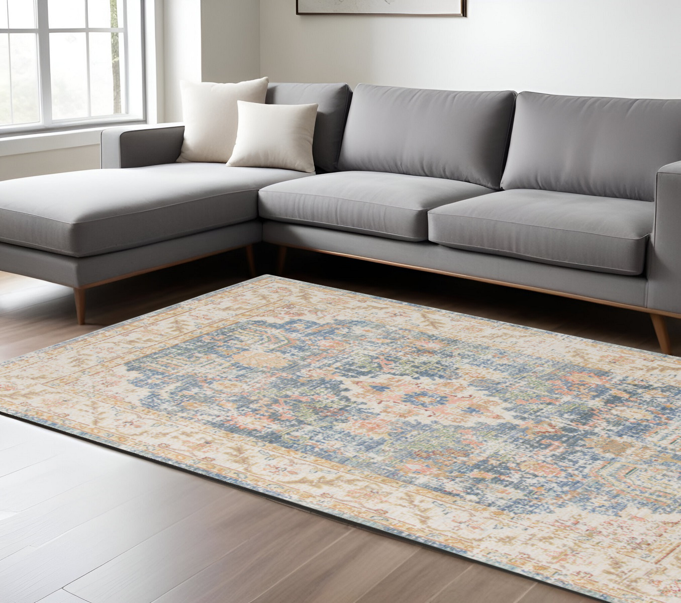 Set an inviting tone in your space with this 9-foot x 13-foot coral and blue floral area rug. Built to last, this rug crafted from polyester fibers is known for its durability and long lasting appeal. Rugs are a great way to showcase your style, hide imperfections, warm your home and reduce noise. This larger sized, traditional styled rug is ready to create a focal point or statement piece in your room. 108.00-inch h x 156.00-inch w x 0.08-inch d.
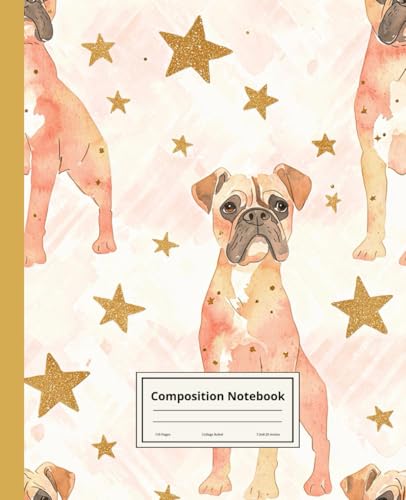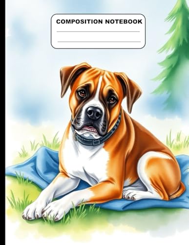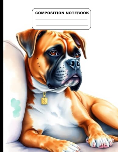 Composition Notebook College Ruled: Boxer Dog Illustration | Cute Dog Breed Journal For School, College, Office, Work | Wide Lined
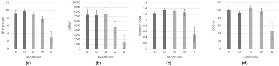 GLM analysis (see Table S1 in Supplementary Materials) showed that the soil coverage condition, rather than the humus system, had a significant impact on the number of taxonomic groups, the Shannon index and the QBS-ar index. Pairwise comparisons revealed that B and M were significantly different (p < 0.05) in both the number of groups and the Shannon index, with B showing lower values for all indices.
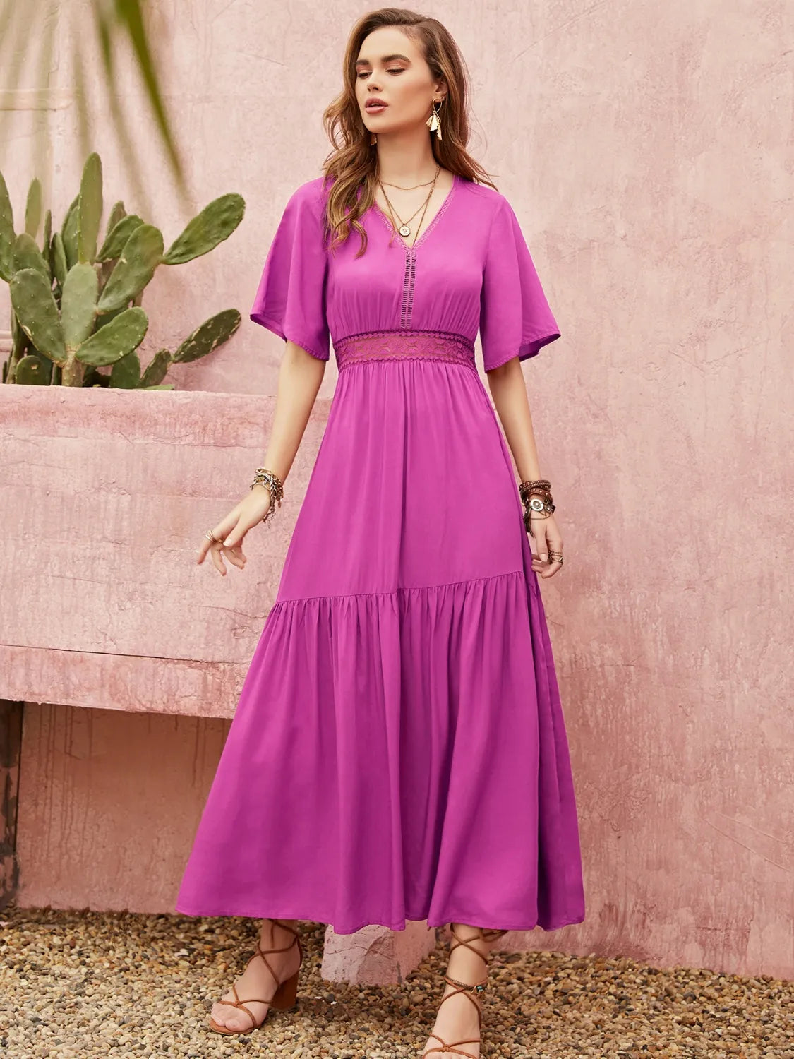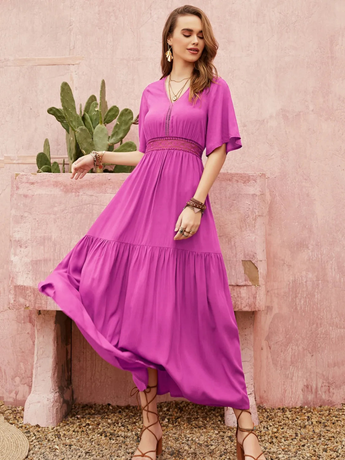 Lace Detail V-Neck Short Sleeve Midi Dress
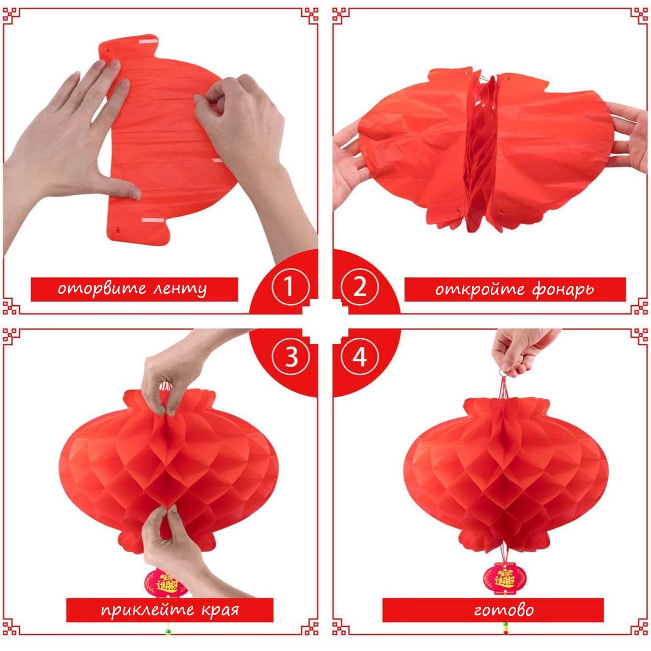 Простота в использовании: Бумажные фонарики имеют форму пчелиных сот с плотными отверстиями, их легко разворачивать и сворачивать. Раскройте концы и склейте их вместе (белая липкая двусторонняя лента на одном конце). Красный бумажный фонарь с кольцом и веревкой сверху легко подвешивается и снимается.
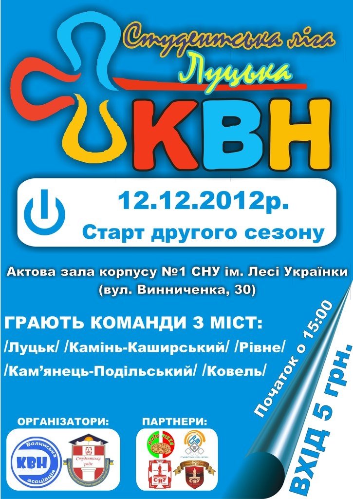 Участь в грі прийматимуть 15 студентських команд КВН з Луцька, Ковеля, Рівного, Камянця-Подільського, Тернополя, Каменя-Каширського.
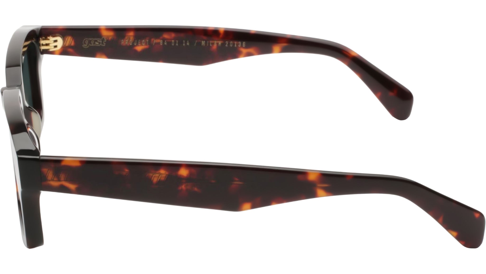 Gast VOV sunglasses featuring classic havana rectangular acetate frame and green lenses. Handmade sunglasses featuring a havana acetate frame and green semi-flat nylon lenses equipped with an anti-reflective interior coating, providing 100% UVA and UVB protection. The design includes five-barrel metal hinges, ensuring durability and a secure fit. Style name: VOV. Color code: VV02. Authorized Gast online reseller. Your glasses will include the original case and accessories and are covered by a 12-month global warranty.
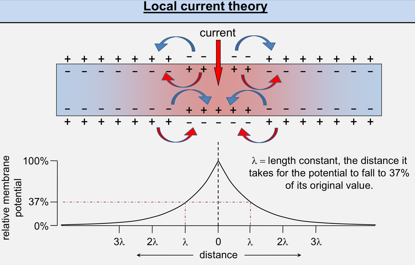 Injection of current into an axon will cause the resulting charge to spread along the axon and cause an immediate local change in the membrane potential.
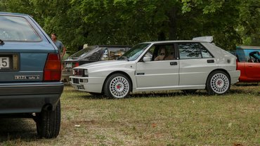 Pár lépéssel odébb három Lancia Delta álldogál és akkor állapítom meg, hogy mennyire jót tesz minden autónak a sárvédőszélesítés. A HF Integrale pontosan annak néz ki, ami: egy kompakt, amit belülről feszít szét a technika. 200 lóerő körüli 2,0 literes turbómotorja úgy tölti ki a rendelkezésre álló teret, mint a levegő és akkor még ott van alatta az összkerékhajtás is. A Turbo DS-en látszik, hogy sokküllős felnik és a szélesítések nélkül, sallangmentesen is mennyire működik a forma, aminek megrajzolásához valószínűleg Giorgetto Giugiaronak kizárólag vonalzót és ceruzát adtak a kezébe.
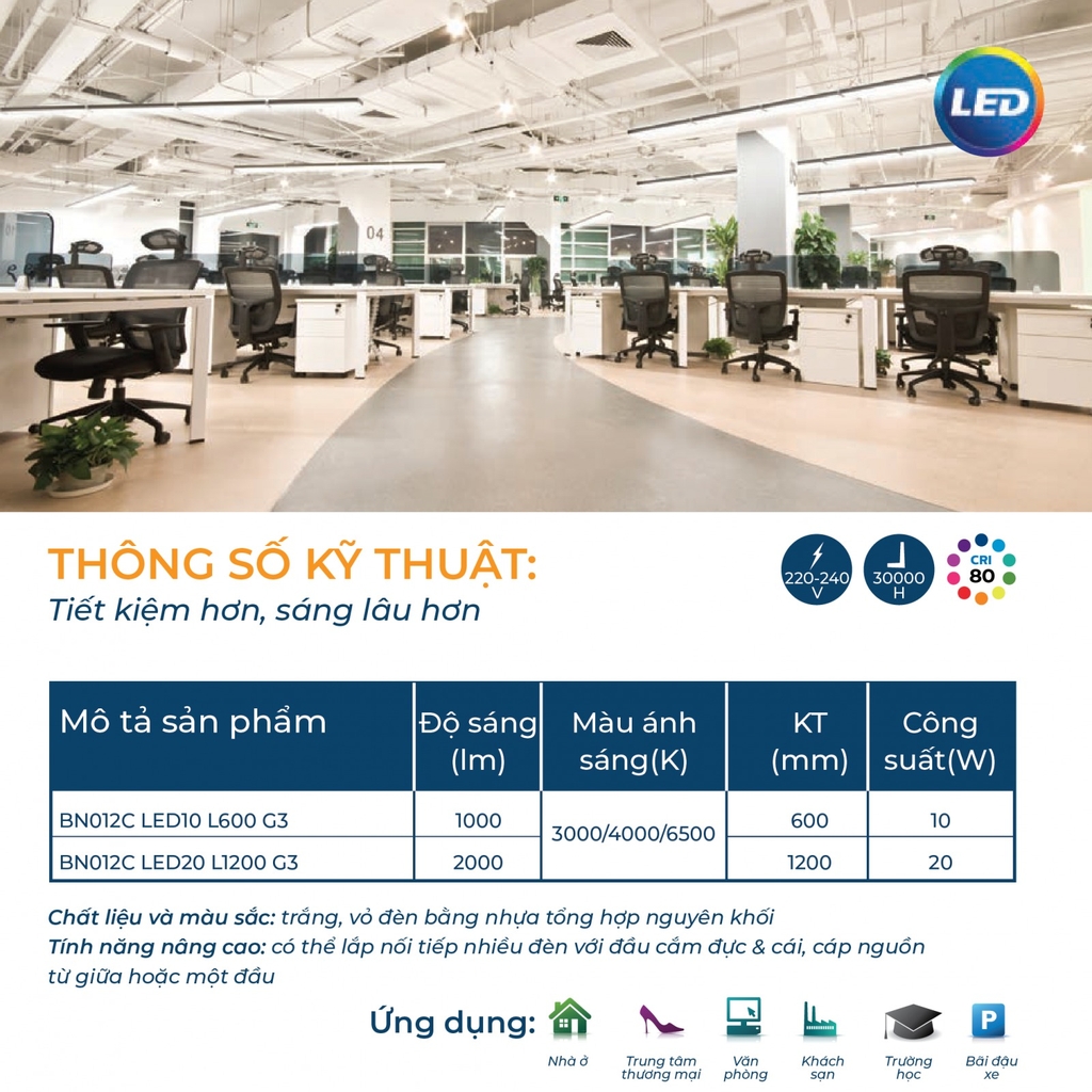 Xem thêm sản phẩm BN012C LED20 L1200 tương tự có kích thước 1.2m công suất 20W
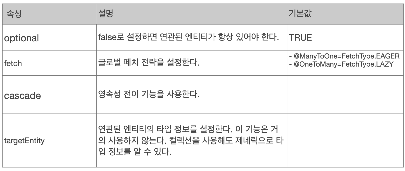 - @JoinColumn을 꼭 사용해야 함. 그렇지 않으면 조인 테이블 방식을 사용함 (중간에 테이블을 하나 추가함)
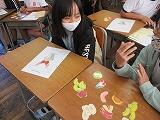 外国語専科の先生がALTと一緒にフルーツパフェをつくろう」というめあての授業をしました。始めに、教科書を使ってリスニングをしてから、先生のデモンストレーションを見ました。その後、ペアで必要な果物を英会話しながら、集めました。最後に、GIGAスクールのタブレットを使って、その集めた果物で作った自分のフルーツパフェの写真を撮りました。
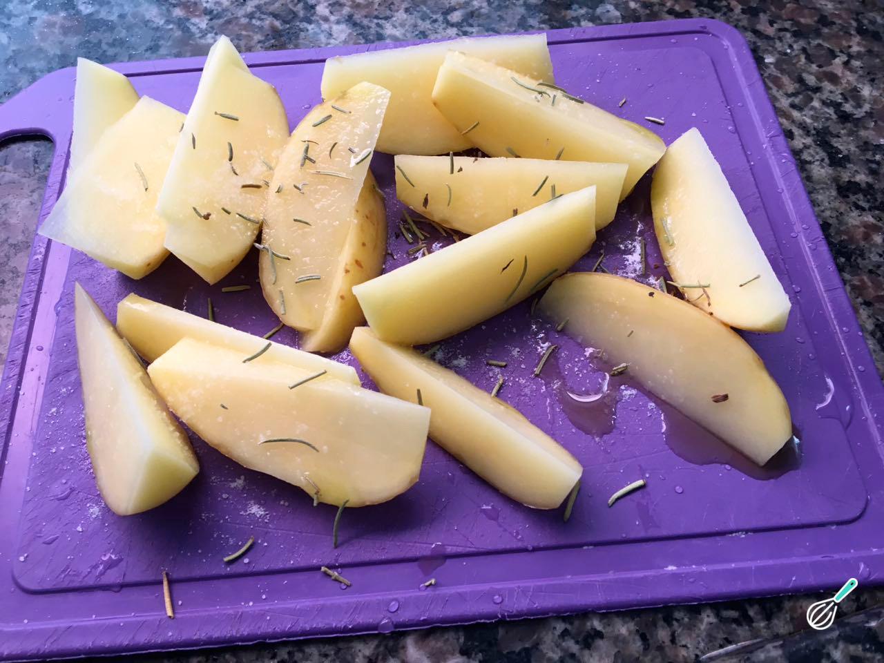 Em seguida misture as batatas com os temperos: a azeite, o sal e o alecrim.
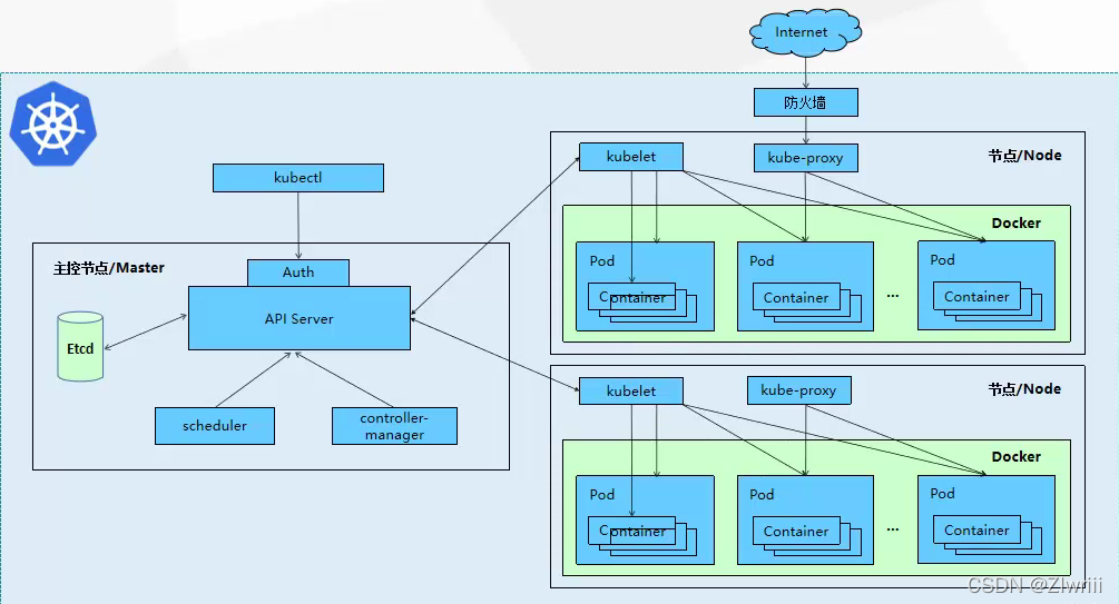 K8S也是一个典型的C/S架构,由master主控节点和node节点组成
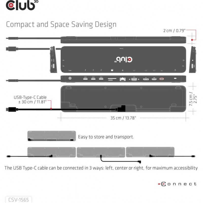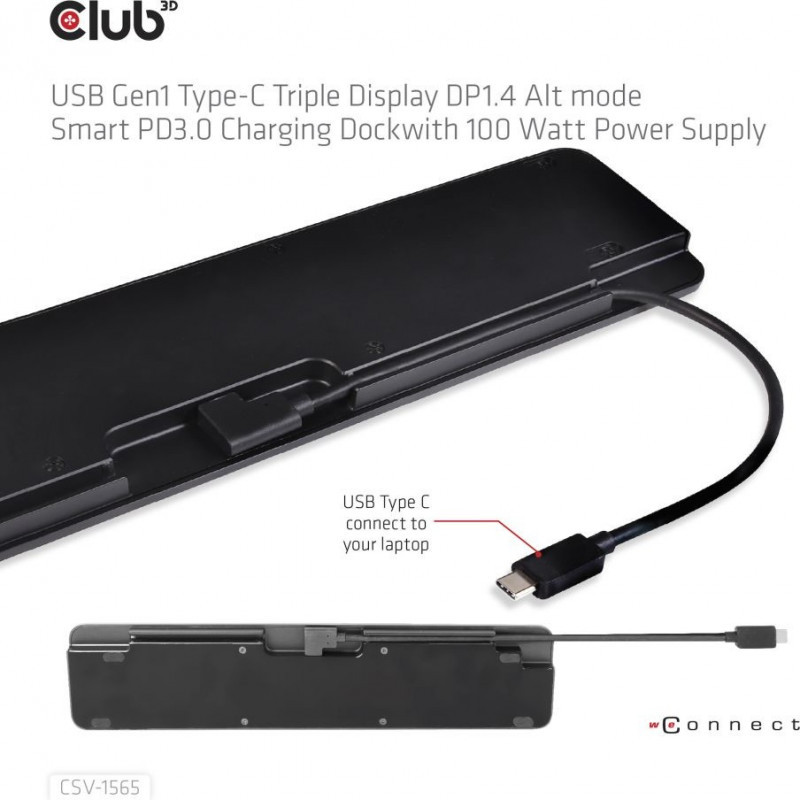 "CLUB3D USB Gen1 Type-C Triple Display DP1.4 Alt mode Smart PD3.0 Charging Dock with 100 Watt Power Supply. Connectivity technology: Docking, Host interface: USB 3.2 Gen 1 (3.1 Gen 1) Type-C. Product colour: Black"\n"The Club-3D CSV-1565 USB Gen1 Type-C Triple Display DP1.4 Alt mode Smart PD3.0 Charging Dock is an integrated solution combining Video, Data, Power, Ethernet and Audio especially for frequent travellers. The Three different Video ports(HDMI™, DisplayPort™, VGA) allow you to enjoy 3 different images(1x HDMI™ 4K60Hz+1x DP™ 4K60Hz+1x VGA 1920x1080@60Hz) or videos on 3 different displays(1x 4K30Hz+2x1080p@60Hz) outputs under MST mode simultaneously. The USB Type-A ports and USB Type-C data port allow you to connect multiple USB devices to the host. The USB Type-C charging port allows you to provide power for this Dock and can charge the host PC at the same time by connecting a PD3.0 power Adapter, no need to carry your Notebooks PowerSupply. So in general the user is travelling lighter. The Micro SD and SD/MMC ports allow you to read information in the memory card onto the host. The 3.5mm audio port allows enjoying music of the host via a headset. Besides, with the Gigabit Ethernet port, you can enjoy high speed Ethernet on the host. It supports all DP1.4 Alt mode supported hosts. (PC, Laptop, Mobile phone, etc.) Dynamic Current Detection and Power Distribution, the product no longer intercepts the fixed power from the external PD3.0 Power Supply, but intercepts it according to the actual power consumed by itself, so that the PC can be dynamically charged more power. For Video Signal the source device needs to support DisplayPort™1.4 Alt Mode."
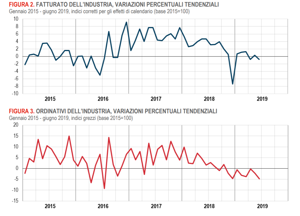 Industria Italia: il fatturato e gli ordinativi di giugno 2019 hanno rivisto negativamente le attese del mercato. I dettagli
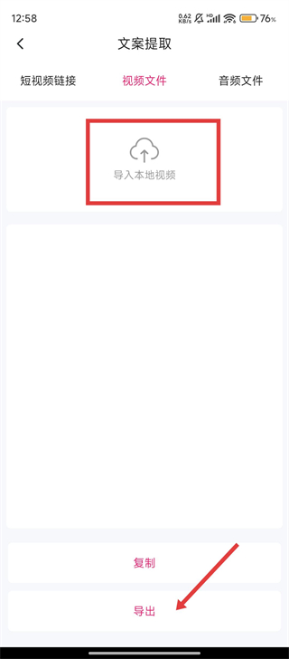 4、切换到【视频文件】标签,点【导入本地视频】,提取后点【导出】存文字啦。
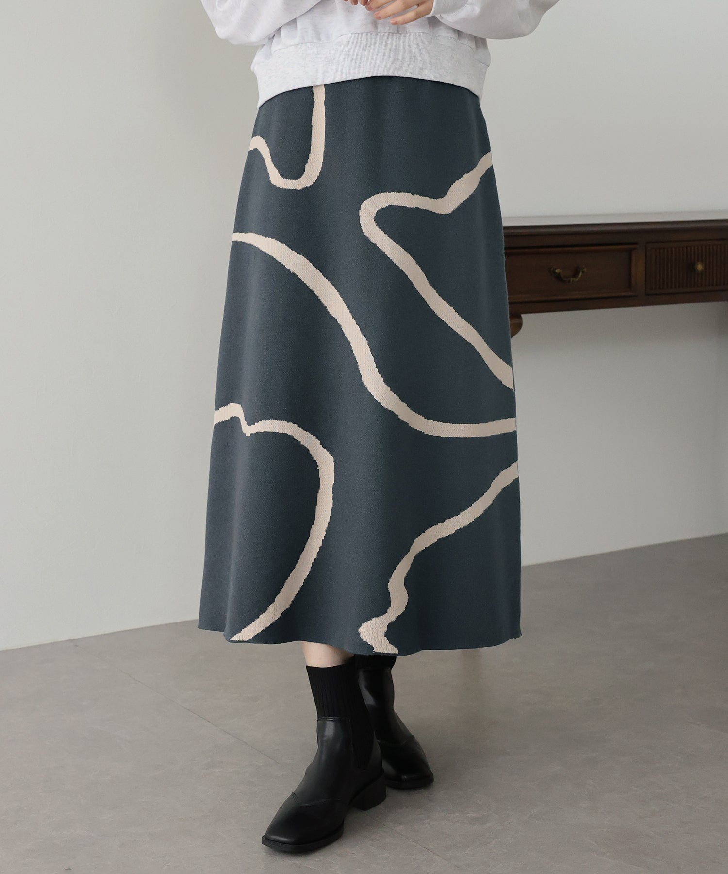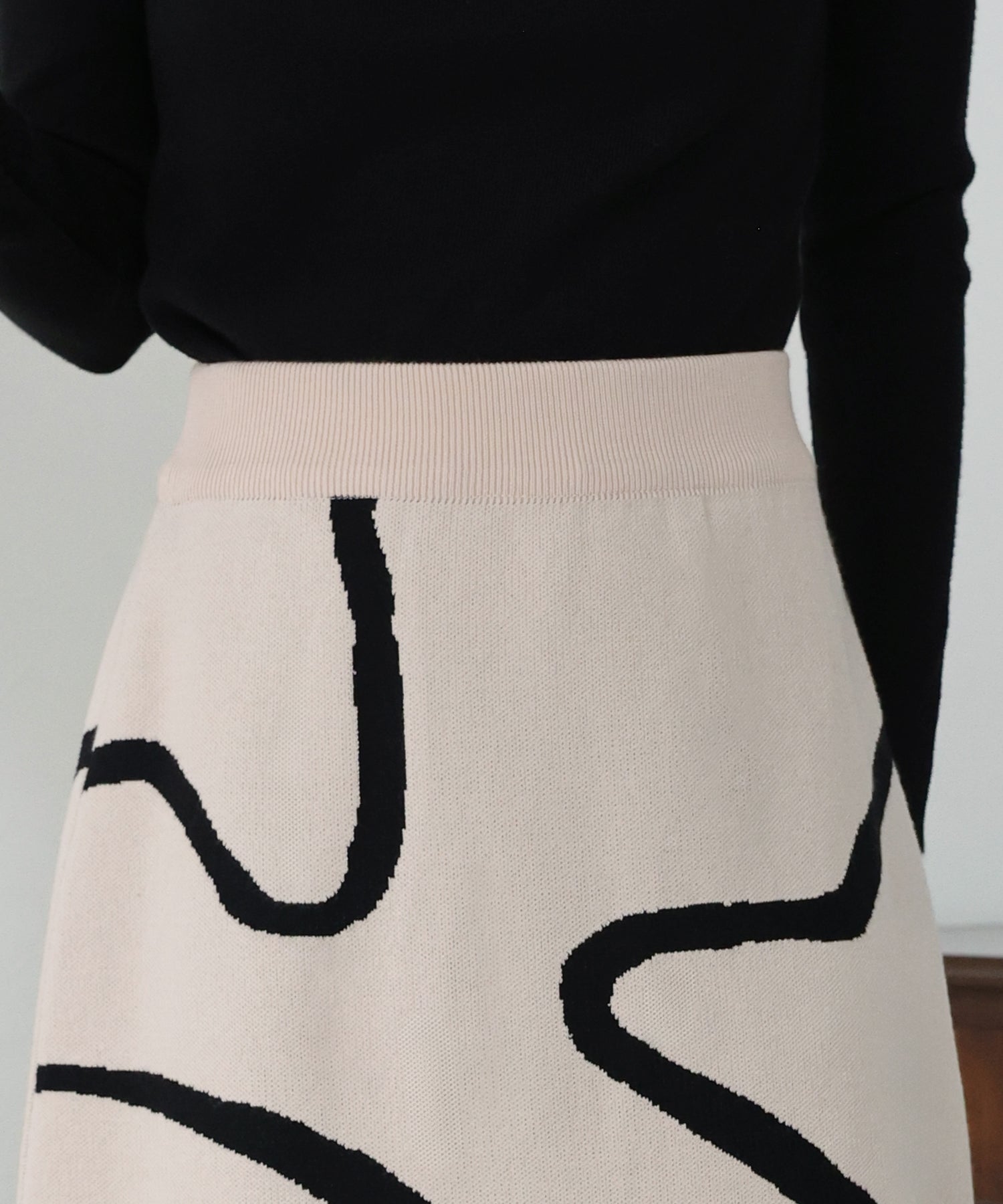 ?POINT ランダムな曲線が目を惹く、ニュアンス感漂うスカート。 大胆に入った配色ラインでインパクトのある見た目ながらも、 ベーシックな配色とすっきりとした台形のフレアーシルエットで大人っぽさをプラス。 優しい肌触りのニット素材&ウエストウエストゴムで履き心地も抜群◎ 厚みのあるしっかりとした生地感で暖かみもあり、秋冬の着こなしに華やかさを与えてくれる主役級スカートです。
◇ ◇ ◇ ◇
● Task directions
The answer is the lines above from the one with "GLM analysis (see" to the one with "Lace Detail V-Neck Short Sleeve Midi Dress", set down exactly, with no pictures.

● Answer section
 GLM analysis (see Table S1 in Supplementary Materials) showed that the soil coverage condition, rather than the humus system, had a significant impact on the number of taxonomic groups, the Shannon index and the QBS-ar index. Pairwise comparisons revealed that B and M were significantly different (p < 0.05) in both the number of groups and the Shannon index, with B showing lower values for all indices.
 Lace Detail V-Neck Short Sleeve Midi Dress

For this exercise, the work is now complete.